What you need to do →
As the answer, give exactly the lines of the records below from the one with "恒生指数波幅指数18.08,较上周上升,处于2011年以" through the one with "유럽 라이트 럭셔리 유행", ends included and pictures left out.

[Entries taken from a collection]
*** Block opens ***
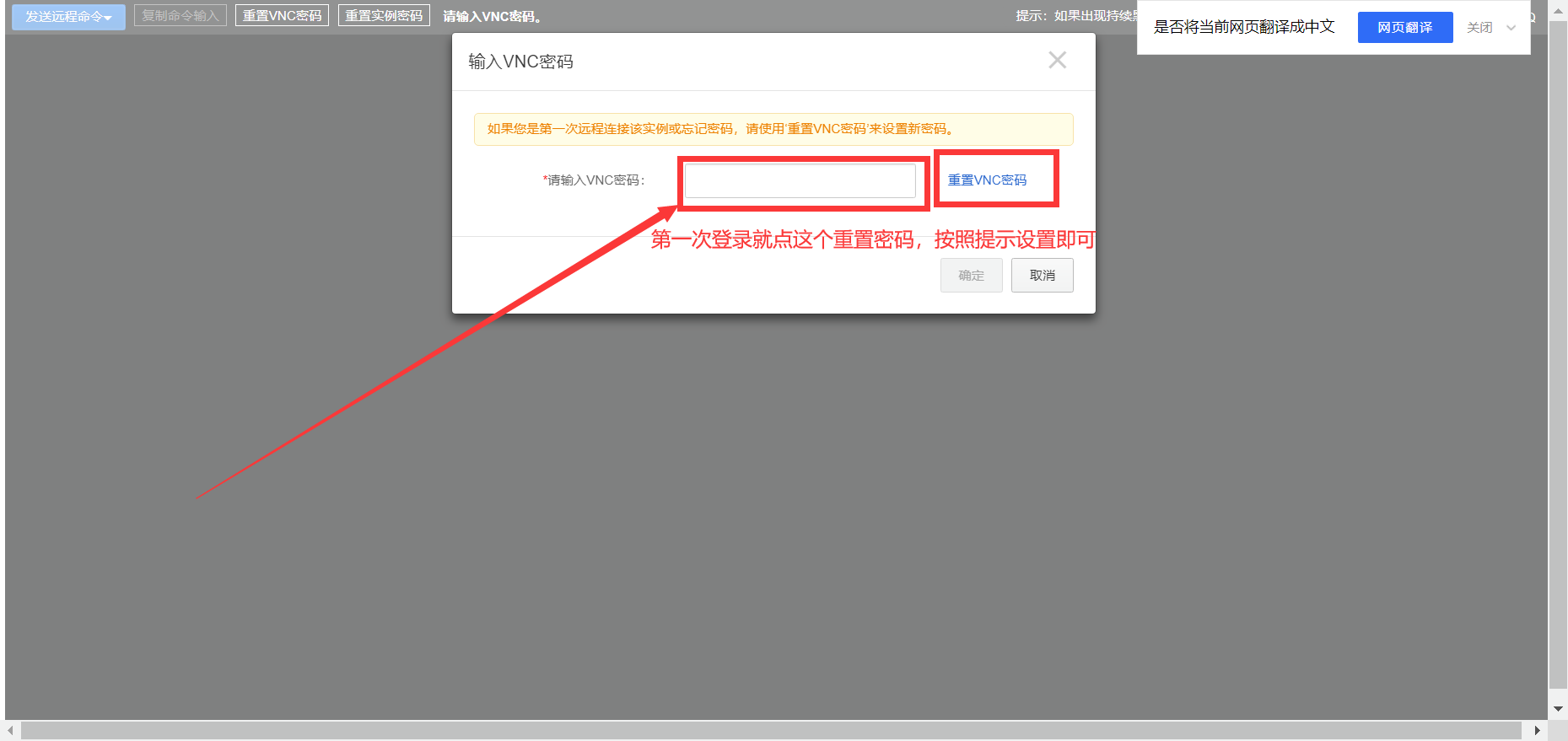 Step4:重置密码后远程连接,这里的密码就相当于电脑的开机密码,即用户登录密码 。之后使用VNC进行远程连接
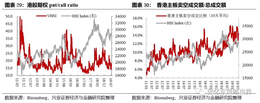 恒生指数波幅指数18.08,较上周上升,处于2011年以来中低水平。卖空成交占主板成交金额的比重为14.81%,较上周回落0.19个百分点,但仍处于2011年以来非常高的水平。这些都显示了港股市场的整体谨慎心态。
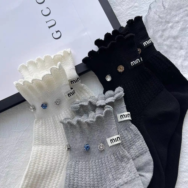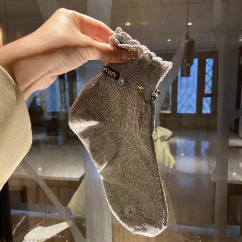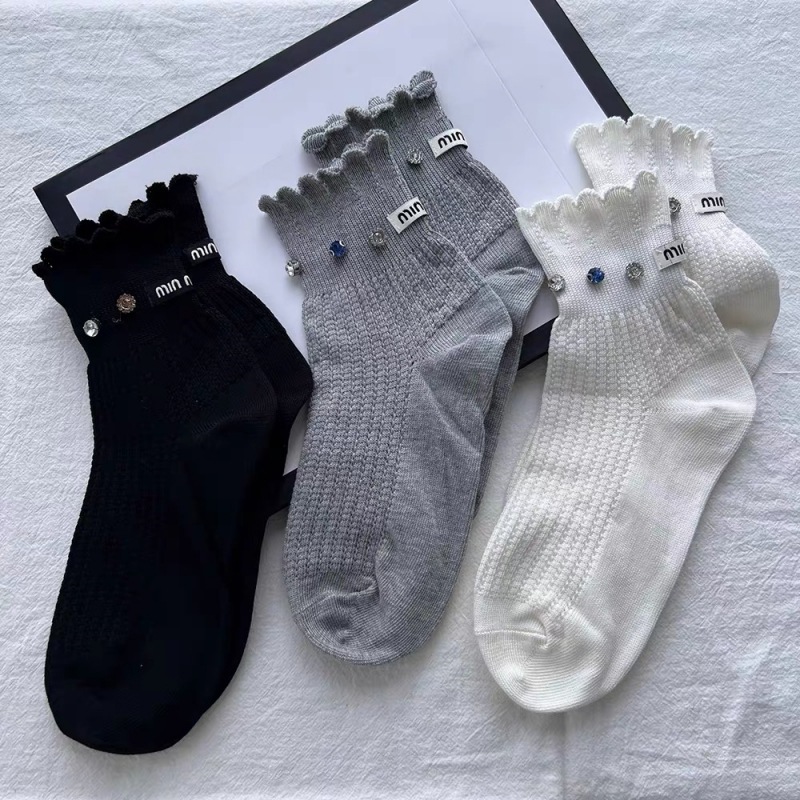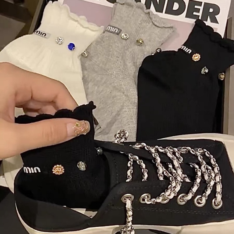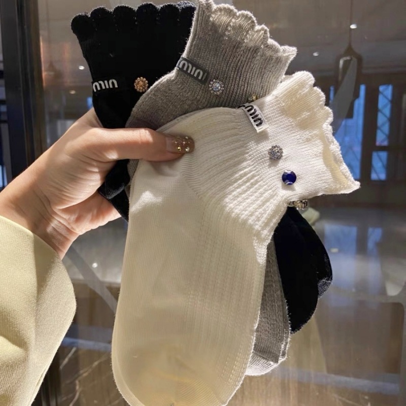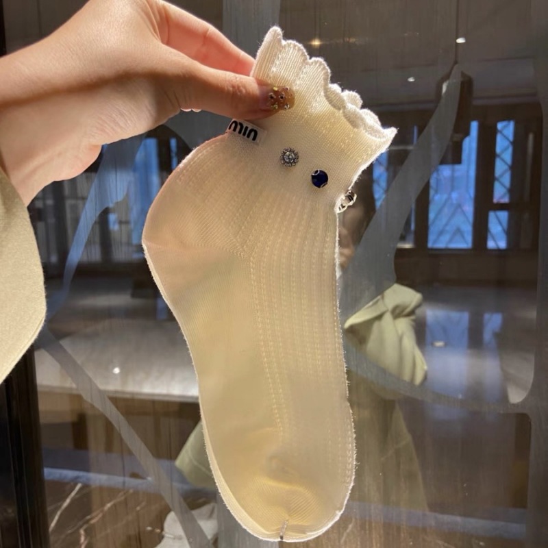 유럽 라이트 럭셔리 유행 힐 MM 편지 개인 다이아몬드 레이스 메쉬 통기성 짧은 양말 여성의 인터넷 연예인 달콤한 양말
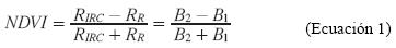 Donde, RIRC y RR son respectivamente los valores de reflectancia bidireccional de la superficie para las bandas del infrarrojo cercano y rojo, que son las bandas B2 y B1 (Tucker, 1979). Este índice da continuidad al NDVI obtenido con base en el sensor AVHRR para extender el registro de datos sobre periodos más largos en los estudios de monitoreo.
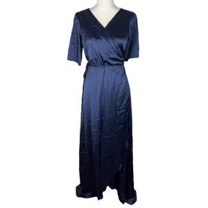 Baltic Born Vara Satin Maxi Wrap Dress Navy Blue Short Flutter Sleeves Size XL
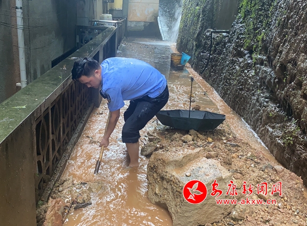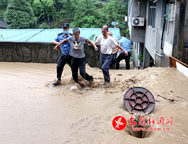 8月22日,紫阳县汉王镇普降大暴雨,汉王镇上街道因雨量大发生洪水内涝,直接威胁街道居民住户生命财产安全。辖区民警立即组织群众用木板挡住洪水,防止洪水进入居民楼浸泡发生房屋垮塌,同时冒着危险将街道下水道井盖掀开,分流泄洪。
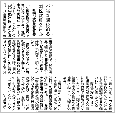 ニュース・新聞に取り上げられました 不当課税未遂事件 2025.09.01 FAREASTEATING株式会社への不当課税事件において、札幌国税局職員を刑事告訴した件について、HTB(北海道テレビ)のニュースと、北海道新聞に取り上げていただきました。
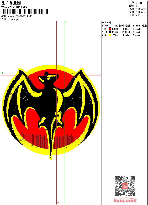 - emb花版参数: 大小:113.00 KB / 尺寸:147*144[毫米] / 针数:37715针 / 线色:3 / 格式:emb / 版本:9
*** Block closes ***
Task solution →
 恒生指数波幅指数18.08,较上周上升,处于2011年以来中低水平。卖空成交占主板成交金额的比重为14.81%,较上周回落0.19个百分点,但仍处于2011年以来非常高的水平。这些都显示了港股市场的整体谨慎心态。
 유럽 라이트 럭셔리 유행 힐 MM 편지 개인 다이아몬드 레이스 메쉬 통기성 짧은 양말 여성의 인터넷 연예인 달콤한 양말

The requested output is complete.